# OLD OLD Bikes - Handlebar stem FAILURE!!



## Rambo (May 1, 2010)

I bought an OLD (30 yeras old) Mohawk 10 speed, Road Bike, in excellant condition from my neighbor who had it stored in his basement for years for $10. All it needed was new tires and tubes from siting so long. Well I have been riding it for a year and a half and today I went to sit it down and the handlebar stem cracked apart. It looks like some kind of magneseum alloy maybe. My God, if I had been going fast down a hill or something and had the handlbars come off in my hands, I would probably be in an emergency room with multiple injuries. I have read about this happening before on the internet and this is frightning to think about.

I found this pic, kind of like what happend to my stem:


----------



## wa-loaf (May 1, 2010)

Lucky!


----------



## bvibert (May 1, 2010)

Wowsers!


----------



## dmc (May 3, 2010)

I've seen it happen a couple times with cheaper hybrids..  But not for a while..

Your very lucky thats for sure...


----------



## Brownsville Brooklyn (May 3, 2010)

:beer::beer:


----------



## Marc (May 3, 2010)

Only seen that happen once, and it was a newer stem, but carbon.  But you know what they say about carbon:


----------



## bvibert (May 3, 2010)

Carbon is scary...


----------



## Rambo (May 3, 2010)

bvibert said:


> Carbon is scary...



I guess so!

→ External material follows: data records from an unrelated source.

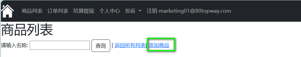 1.在商品列表页面点击"添加商品"按钮, 跳转创建商品页面。
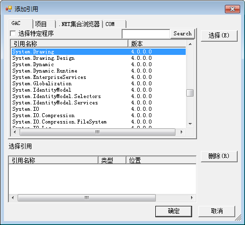 在“添加引用”对话框中,在列表中找到并选择 System.Drawing 和 System.Windows.Forms。 按住 Ctrl 键可进行多选操作。 例如:
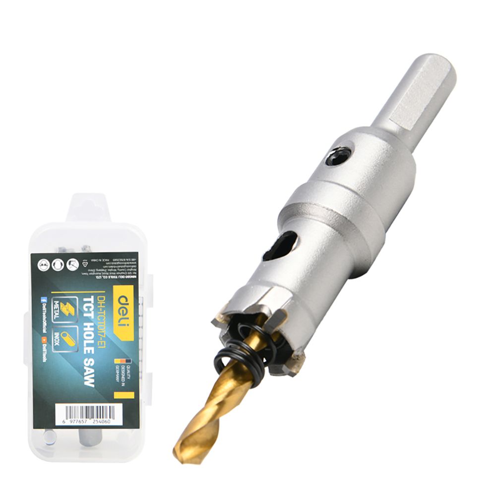 Коронка по металлу твердосплавная с центрирующим сверлом Deli DH-TCT017-E1 диаметр 17мм, шестигранный хвостовик
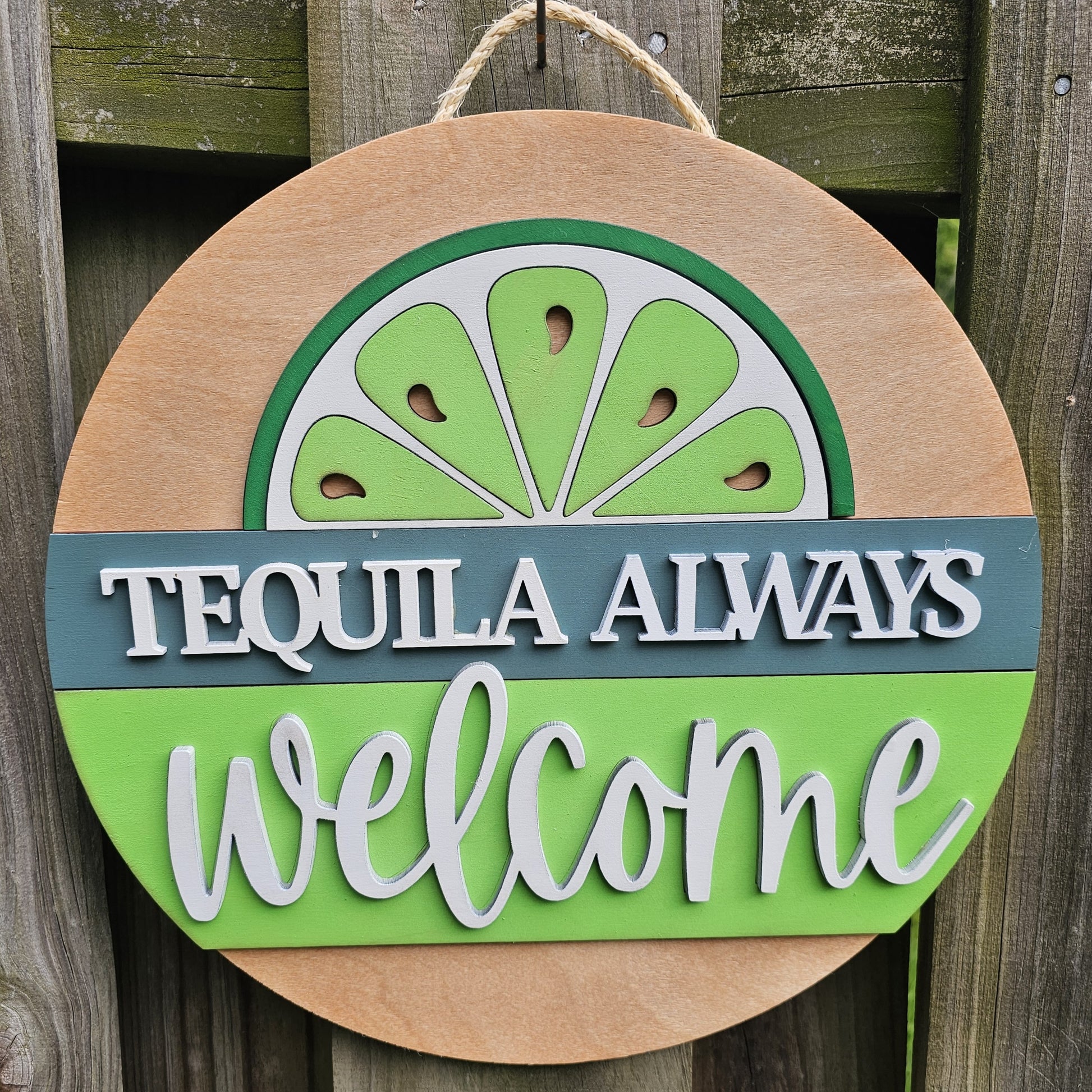Add a splash of fun to your porch with this playful “Tequila Always Welcome” door sign! Featuring a bright layered lime slice and bold script lettering, this sign is the perfect mix of cheerful and cheeky—ideal for patios, bar areas, poolside décor, or any home that loves a good margarita night.
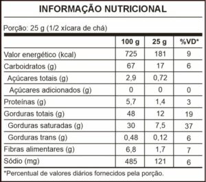 Batata, óleo vegetal de palma e sal. ALÉRGICOS: PODE CONTER SOJA, TRIGO, AVEIA, OVOS, AMENDOIM E LEITE. CONTÉM GLÚTEN.
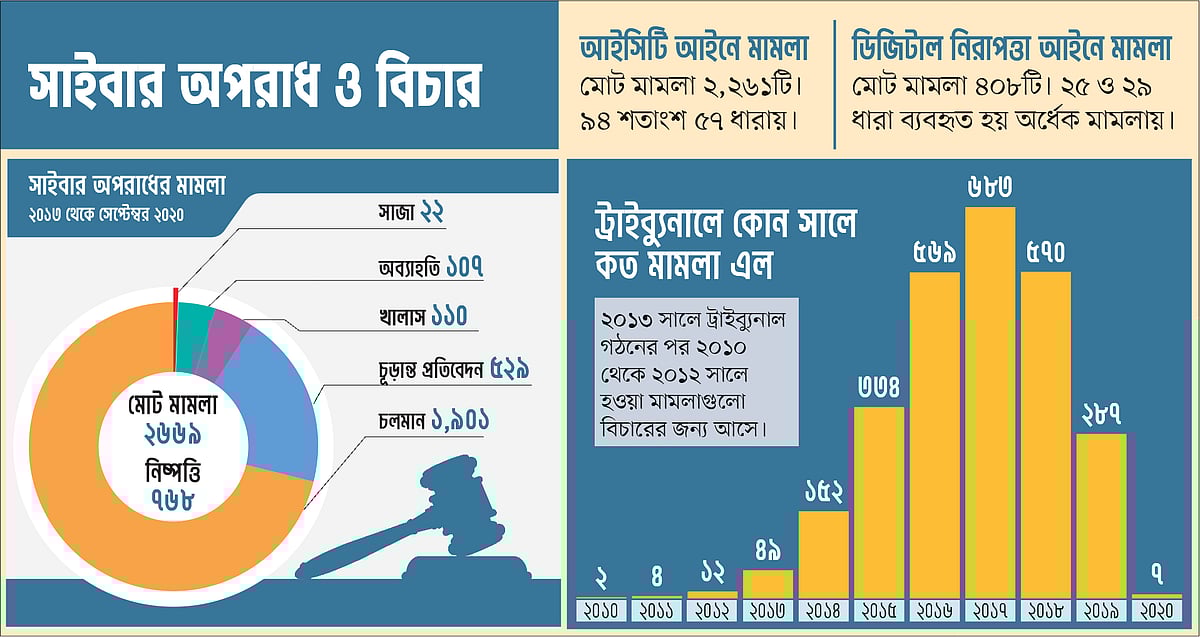 সাইবার অপরাধের বিচারের জন্য ২০০৬ সালে বিএনপি–জামায়াত সরকার আইসিটি আইন করে। ২০১৩ সালে আওয়ামী লীগ সরকার বিচারের জন্য সাইবার ট্রাইব্যুনাল গঠন করে। গত বছরের সেপ্টেম্বর পর্যন্ত ট্রাইব্যুনালে ২ হাজার ৬৬৯টি মামলা আসে। প্রথম আলো দুই বছর ধরে মামলাগুলোর তথ্য সংগ্রহ করেছে। তার ভিত্তিতে করা তিন পর্বের ধারাবাহিকের প্রথম পর্ব ছাপা হলো আজ।

This rider said he hit nothing, was just riding downhill and cornering when his carbon fiber spokes disentegrated, throwing him head first over the handlebars and breaking his shoulder. Praise Jesus!


----------



## bvibert (May 3, 2010)

When it gives way it does so in a spectacular fashion...


----------



## Rambo (May 3, 2010)

bvibert said:


> When it gives way it does so in a spectacular fashion...



I'm old school.

But God help us all... they are now building commercial aircraft (jetliners) with carbon fiber wings. Carbon Fiber Helicopter blades. Carbon Fiber car and truck rims. Carbon Fiber brake Rotors and Calipers for race cars... etc.


----------



## bvibert (May 3, 2010)

They've been making all sorts of stuff like that out of carbon fiber for years now.  I guess they're getting pretty good at it.  I guess it's pretty strong, but it doesn't seem like it takes much to compromise it's integrity...


----------



## Rambo (May 3, 2010)

bvibert said:


> They've been making all sorts of stuff like that out of carbon fiber for years now.  I guess they're getting pretty good at it.  I guess it's pretty strong, but it doesn't seem like it takes much to compromise it's integrity...



What I have read is to this affect: If your carbon fiber bicycle frame gets a deep scratch or a ding that causes a tiny crack that will allow tiny drops of water to infiltrate the water will compromize the carbon fiber and act like a hydralic jack causing the carbon fiber to eventually fail catastrophically if the scratches and dings are not repaired and sealed.


----------